Task details: Begin your copy at the line with "химических элементов, устанавливающая" in the records below and end it at the line with "Η Ένωση Ξενοδόχων", restating each line word for word; omit the pictures.
[[ Task inputs, beginning ]]
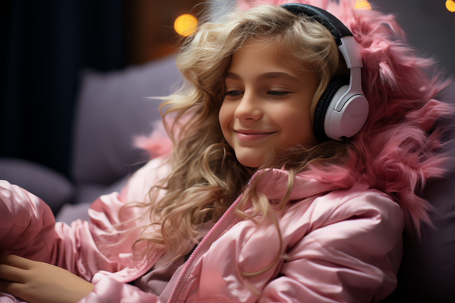Young girl with blonde curls in a pink jacket, enjoying music with headphones. Cozy and relaxed atmosphere with warm lighting.
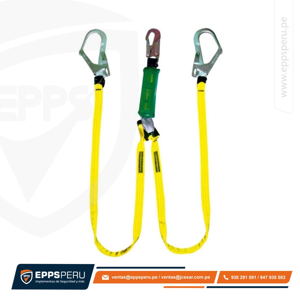 - Línea de vida / conexión doble, con amortiguador de caída factor 2.
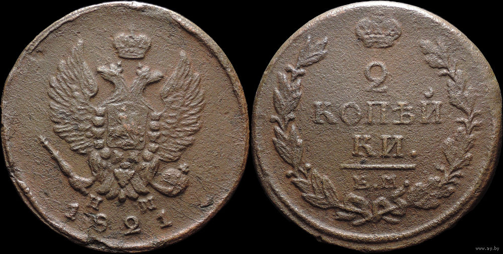 2 копейки 1821 ЕМ НМ, С 1 Рубля! Смотрите другие лоты!
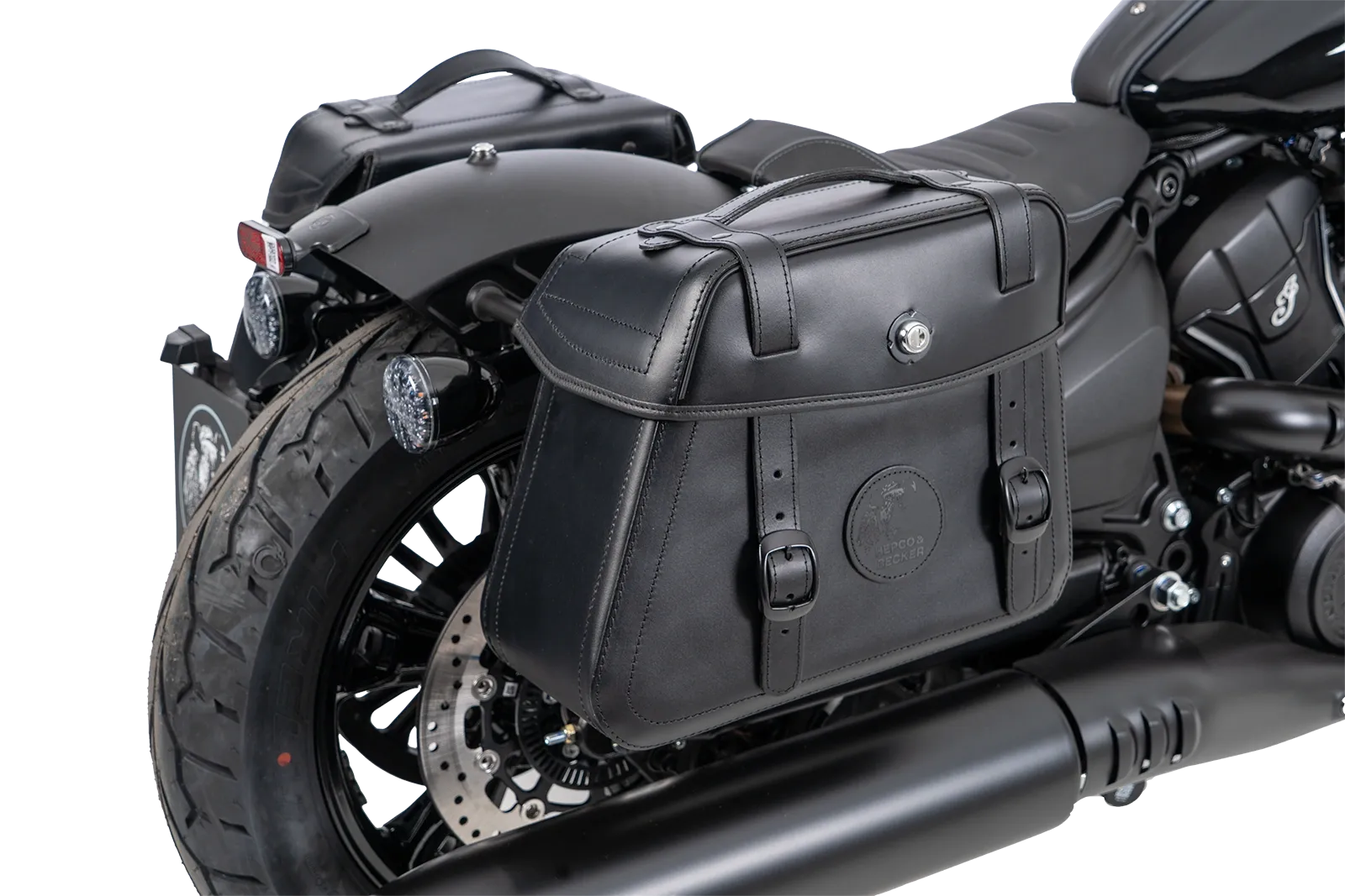 Las bolsas de cuero Hepco&Becker Rugged Cutout se fijan al portaequipajes lateral Rugged Cutout específico del modelo. Ambas bolsas tienen un panel trasero especialmente recortado para reducir la anchura total en modelos de moto especialmente seleccionados con un amortiguador ancho en voladizo . Las bolsas se fijan al portaequipajes mediante un cierre rápido situado en el interior de la bolsa. Si el portaequipajes y las bolsas se piden juntos, Hepco&Becker adaptará el cierre rápido al portaequipajes correspondiente y lo montará en la bolsa.
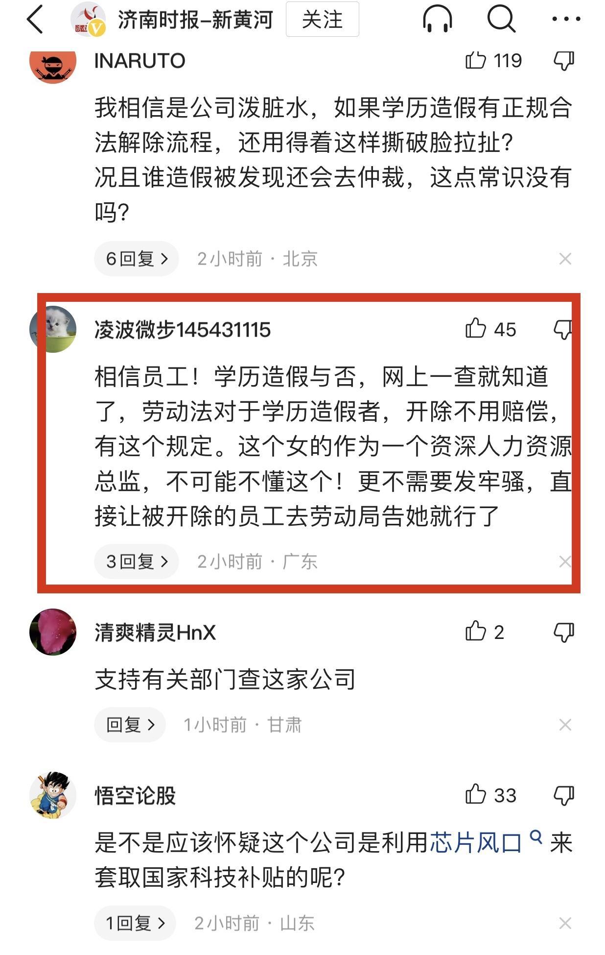 然而根據黃河時報消息:員工(孫某)他說公司說他學歷造假,這是公司給他潑髒水,他說開除他時候沒有說他學歷造假,現在事情發酵了,就說他學歷造假。
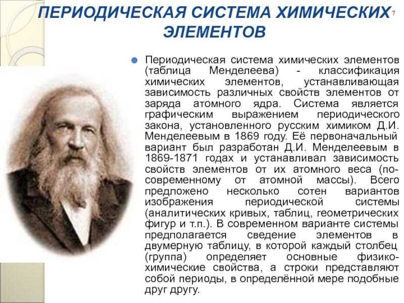 химических элементов, устанавливающая зависимость различных свойств элементов от заряда атомного ядра. Система является графическим выражением периодического закона, установленного русским химиком Д.И. Менделеевым в 1869 году. Её первоначальный вариант был разработан Д.И. Менделеевым в 1869-1871 годах и устанавливал зависимость свойств элементов от их атомного веса (по-современному от атомной массы). Всего предложено несколько сотен вариантов изображения периодической системы (аналитических кривых, таблиц, геометрических фигур и т.п.). В современном варианте системы предполагается сведение элементов в двумерную таблицу, в которой каждый столбец (группа) определяет основные физико-химические свойства, а строки представляют собой периоды, в определённой мере подобные друг другу.
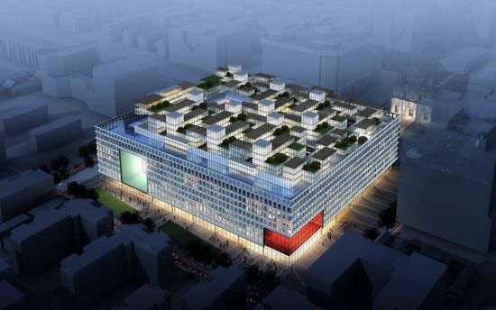 北京王府井中心是一个混合用途的建筑,由 Latitude Studio设计,项目的做法考虑了不同层次的空间条件。
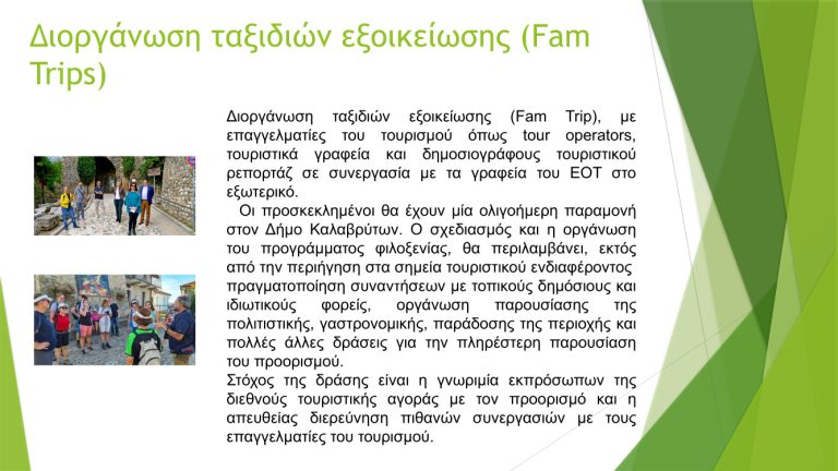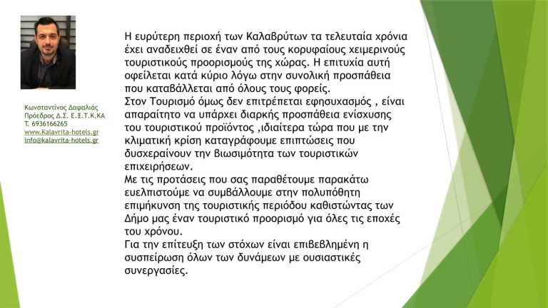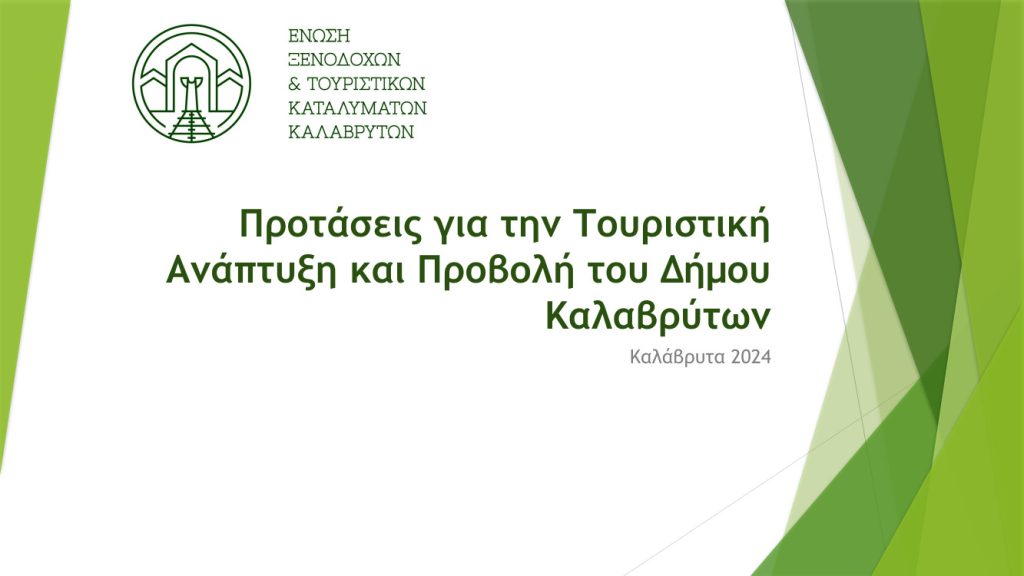 Η Ένωση Ξενοδόχων και Τουριστικών Καταλυμάτων Καλαβρύτων, παρουσίασε μια σειρά από ενδιαφέρουσες προτάσεις, για την τουριστική ανάπτυξη του Δήμου Καλαβρύτων, στη συνεδρίαση της Επιτροπής Τουριστικής Ανάπτυξης του Δήμου Καλαβρύτων που πραγματοποιήθηκε την Δευτέρα 15 Ιουλίου2024.
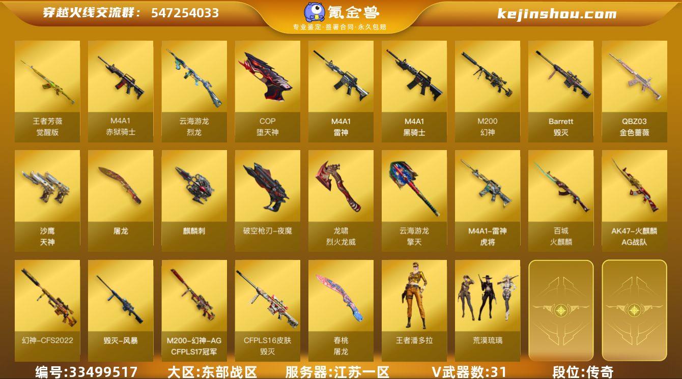 【ky6978】江苏一区-34V-2王者武器数-0炫金武器数 【热门武器】:QBZ03-金色蔷薇,M200-幻神,M4A1-黑骑士,COP-堕天神 【皮肤】:幻神-AG-CFPLS17冠军,幻神-CFS2022,雷神-虎将,雷神-源计划2.0专属 皮肤,火麒麟-AG战队皮肤,火麒麟-百城,毁灭-SV-CFPLS16冠军,毁灭-风暴,屠龙-春桃 皮肤 【角色】:荒漠琉璃,王者潘多拉,奇洋探员,乔伊教练,修道士,云海玲珑,风暴女,娟娟,灵狐者-黄金海岸,灵狐者-七夕宝贝,灵狐者-职业经理,龙儿-小淘气,麻雀,潘多拉-X,潘多拉-甜心教官,铁骑荣耀,影武者-X,职业选手 【人偶武器】:M37-葵,迷你深渊冰龙,迷你裂空之翼,夺魂,迷你艾比,灵狐娃娃手雷 【挑战大师】:冰龙粉碎者-白马银枪,VEPR-12-金魔*2 【英雄级武器】:M4A1-雷神,M4A1-黑骑士,QBZ03-金色蔷薇,王者芳薇-觉醒版,Barrett-毁灭,M200-幻神,炼狱-悦蓝-觉醒版,烈龙-云海游龙,沙鹰-天神*3,COP-堕天神,破空枪刃-夜魔,屠龙,马来剑-夜魔,麒麟刺,擎天-云海游龙,龙啸-烈火龙威,高爆手雷-夜魔*4,手雷-云海游龙,闪光弹-夜魔*4,烟雾弹-夜魔*4,烟雾弹-幻灵*2,M4A1-赤狱骑士 【其他武器】:源·火麒麟,魂·火麒麟-百城,魂·M4A1-雷神-化蛇,魂·雷神-诺...
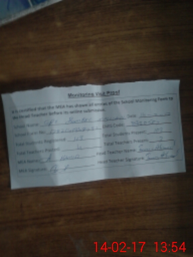 | Attendance Register | Head Teacher | MEA with School | Visit Proof |
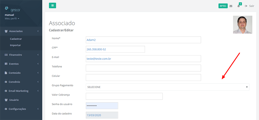 Ao clicar em "cadastrar novo", aparecerá o formuário para cadastro de Associados.
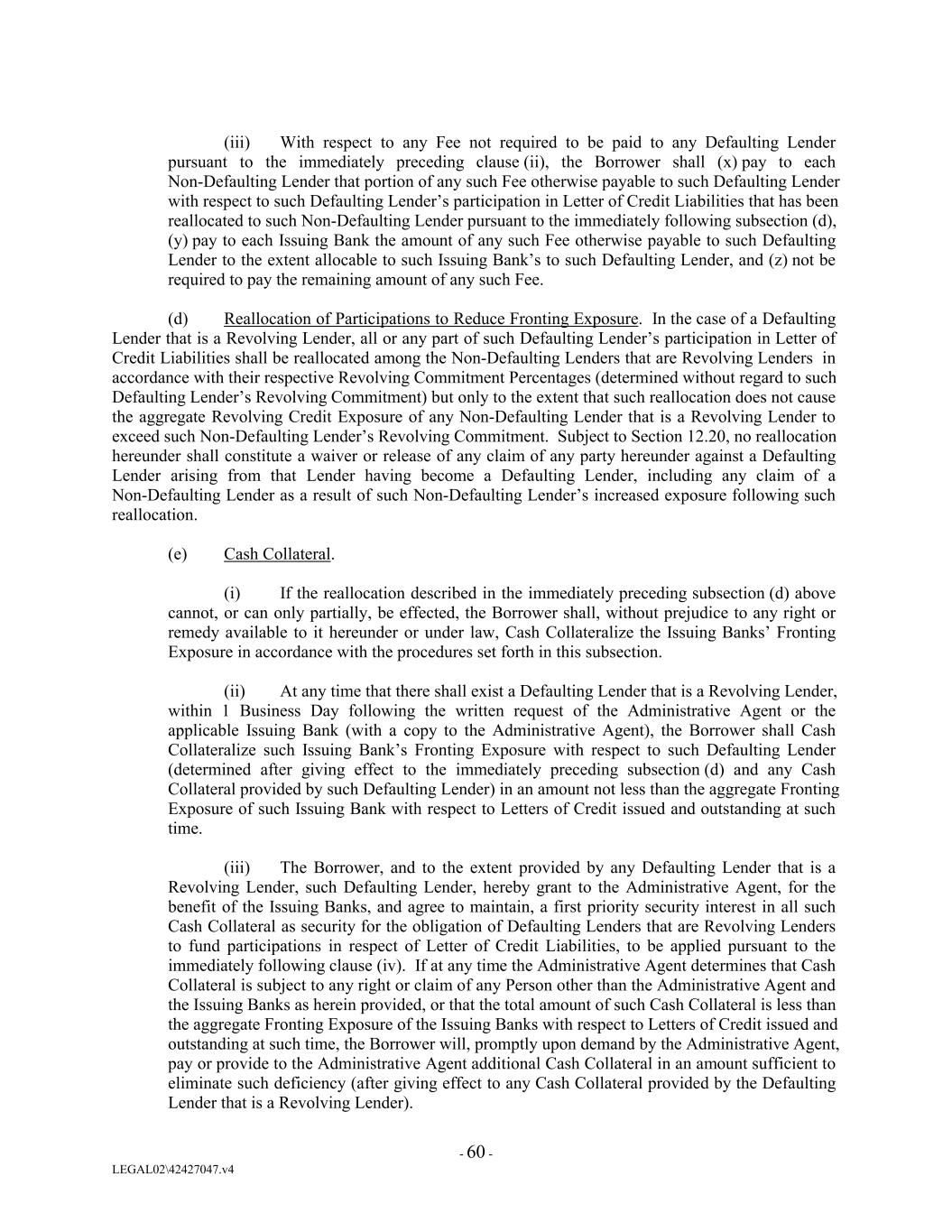 (iii) With respect to any Fee not required to be paid to any Defaulting Lender pursuant to the immediately preceding clause (ii), the Borrower shall (x) pay to each Non-Defaulting Lender that portion of any such Fee otherwise payable to such Defaulting Lender with respect to such Defaulting Lender’s participation in Letter of Credit Liabilities that has been reallocated to such Non-Defaulting Lender pursuant to the immediately following subsection (d), (y) pay to each Issuing Bank the amount of any such Fee otherwise payable to such Defaulting Lender to the extent allocable to such Issuing Bank’s to such Defaulting Lender, and (z) not be required to pay the remaining amount of any such Fee. (d) Reallocation of Participations to Reduce Fronting Exposure. In the case of a Defaulting Lender that is a Revolving Lender, all or any part of such Defaulting Lender’s participation in Letter of Credit Liabilities shall be reallocated among the Non-Defaulting Lenders that are Revolving Lenders in accordance with their respective Revolving Commitment Percentages (determined without regard to such Defaulting Lender’s Revolving Commitment) but only to the extent that such reallocation does not cause the aggregate Revolving Credit Exposure of any Non-Defaulting Lender that is a Revolving Lender to exceed such Non-Defaulting Lender’s Revolving Commitment. Subject to Section 12.20, no reallocation hereunder shall constitute a waiver or release of any claim of any party hereunder against a Defaulting Lender arising from that Lender having become a Defaulting Lender, including any claim of a Non-Defaulting Lender as a result of such Non-Defaulting Lender’s increased exposure following such reallocation. (e) Cash Collateral. (i) If the reallocation described in the immediately preceding subsection (d) above cannot, or can only partially, be effected, the Borrower shall, without prejudice to any right or remedy available to it hereunder or under law, Cash Collateralize the Issuing Banks’ Fronting Exposure in accordance with the procedures set forth in this subsection. (ii) At any time that there shall exist a Defaulting Lender that is a Revolving Lender, within 1 Business Day following the written request of the Administrative Agent or the applicable Issuing Bank (with a copy to the Administrative Agent), the Borrower shall Cash Collateralize such Issuing Bank’s Fronting Exposure with respect to such Defaulting Lender (determined after giving effect to the immediately preceding subsection (d) and any Cash Collateral provided by such Defaulting Lender) in an amount not less than the aggregate Fronting Exposure of such Issuing Bank with respect to Letters of Credit issued and outstanding at such time. (iii) The Borrower, and to the extent provided by any Defaulting Lender that is a Revolving Lender, such Defaulting Lender, hereby grant to the Administrative Agent, for the benefit of the Issuing Banks, and agree to maintain, a first priority security interest in all such Cash Collateral as security for the obligation of Defaulting Lenders that are Revolving Lenders to fund participations in respect of Letter of Credit Liabilities, to be applied pursuant to the immediately following clause (iv). If at any time the Administrative Agent determines that Cash Collateral is subject to any right or claim of any Person other than the Administrative Agent and the Issuing Banks as herein provided, or that the total amount of such Cash Collateral is less than the aggregate Fronting Exposure of the Issuing Banks with respect to Letters of Credit issued and outstanding at such time, the Borrower will, promptly upon demand by the Administrative Agent, pay or provide to the Administrative Agent additional Cash Collateral in an amount sufficient to eliminate such deficiency (after giving effect to any Cash Collateral provided by the Defaulting Lender that is a Revolving Lender). - 60 - LEGAL02\42427047.v4
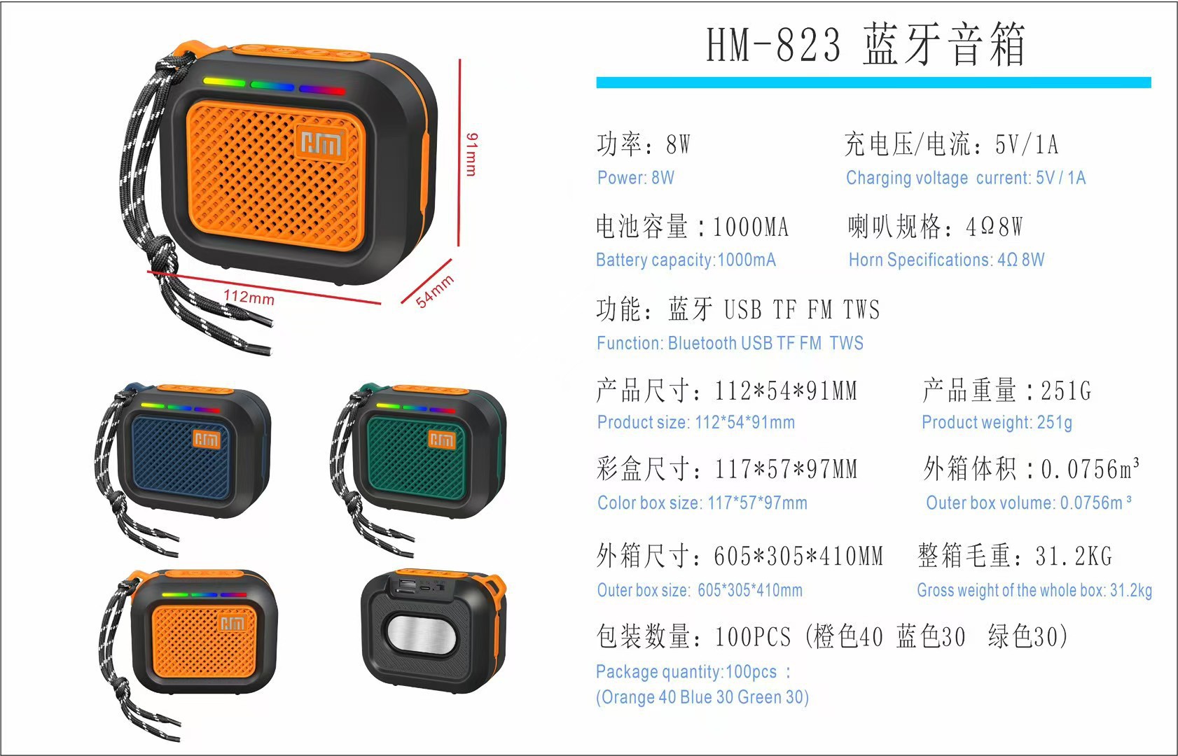 새로운 HM-823 무선 블루투스 오디오 야외 8W 서브 우퍼 휴대용 TWS 데스크탑 카드 LED 라이트 소형 스피커
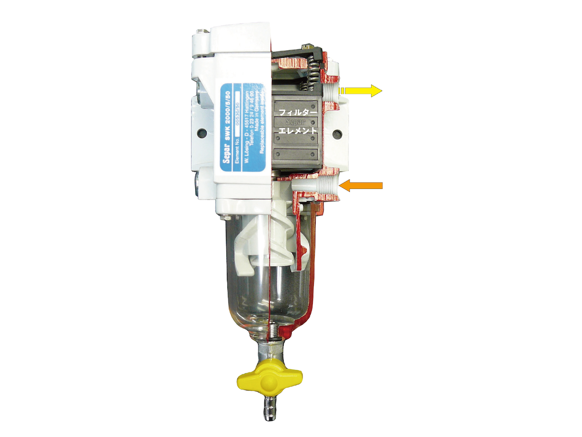 そういったトラブルを未然に防ぐ為にも、『セパー2000』がお勧めです。軽油・BDF併用モデルで、燃料ポンプ圧力損失も従来品の十分の一以下という安心設計。タンク内の汚れ具合にも依りますが、年1,2回のエレメント交換と毎月の定期メンテ時に分離水の排出だけという、取扱いがとても簡単な水分分離フィルターです!
[[ Task inputs, end ]]
Written solution:
 химических элементов, устанавливающая зависимость различных свойств элементов от заряда атомного ядра. Система является графическим выражением периодического закона, установленного русским химиком Д.И. Менделеевым в 1869 году. Её первоначальный вариант был разработан Д.И. Менделеевым в 1869-1871 годах и устанавливал зависимость свойств элементов от их атомного веса (по-современному от атомной массы). Всего предложено несколько сотен вариантов изображения периодической системы (аналитических кривых, таблиц, геометрических фигур и т.п.). В современном варианте системы предполагается сведение элементов в двумерную таблицу, в которой каждый столбец (группа) определяет основные физико-химические свойства, а строки представляют собой периоды, в определённой мере подобные друг другу.
 北京王府井中心是一个混合用途的建筑,由 Latitude Studio设计,项目的做法考虑了不同层次的空间条件。
 Η Ένωση Ξενοδόχων και Τουριστικών Καταλυμάτων Καλαβρύτων, παρουσίασε μια σειρά από ενδιαφέρουσες προτάσεις, για την τουριστική ανάπτυξη του Δήμου Καλαβρύτων, στη συνεδρίαση της Επιτροπής Τουριστικής Ανάπτυξης του Δήμου Καλαβρύτων που πραγματοποιήθηκε την Δευτέρα 15 Ιουλίου2024.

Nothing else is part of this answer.